EmoMM: Benchmarking and Steering MLLM for Multimodal Emotion Recognition under Conflict and Missingness

arXiv cs.CV / 5/5/2026

📰 NewsIdeas & Deep AnalysisModels & Research

共有:

Key Points

The paper introduces EmoMM, a benchmark for Multimodal Emotion Recognition that explicitly includes modality-aligned, modality-conflict, and missing-modality subsets to study MLLM behavior in realistic conditions.
Extensive experiments reveal a “Video Contribution Collapse (VCC)” phenomenon in which MLLMs often downplay video evidence when token redundancy is high and modality preferences skew decisions.
To mitigate this without retraining, the authors propose CHASE (Conflict-aware Head-level Attention Steering), an inference-time, lightweight attention steering method that detects modality conflicts and reduces decision bias.
Results show CHASE improves performance across multiple settings, making MLLM-based emotion recognition more reliable in complex affective scenarios involving conflicts and missing inputs.

Abstract

Multimodal Emotion Recognition (MER) is critical for interpreting real-world interactions. While Multimodal Large Language Models (MLLM) have shown promise in MER, their internal decision-making mechanisms under modality conflict and missingness remain largely underexplored.
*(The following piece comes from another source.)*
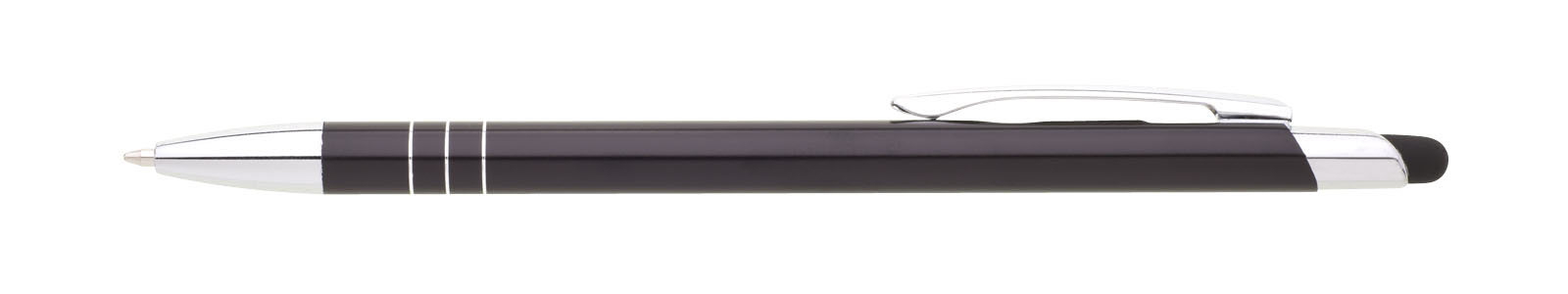 Tenká kovová propiska SOTTI s touch koncem v černé barvě s chromovými doplňky a třemi tenkými proužky. Náplň X-20, modře píšící.

In this paper, to systematically investigate these behaviors, we introduce EmoMM, a comprehensive benchmark featuring modality-aligned, conflict, and missing subsets. Through extensive evaluation, we uncover a Video Contribution Collapse (VCC) phenomenon, where MLLM marginalize video evidence due to high token redundancy and modality preferences. To address this, we propose Conflict-aware Head-level Attention Steering (CHASE), a lightweight mechanism that detects modality conflicts and performs inference-time attention steering, effectively mitigating decision bias without retraining the backbone. Experimental results demonstrate that CHASE consistently improves performance across various settings, significantly enhancing the reliability of MLLM in complex affective scenarios.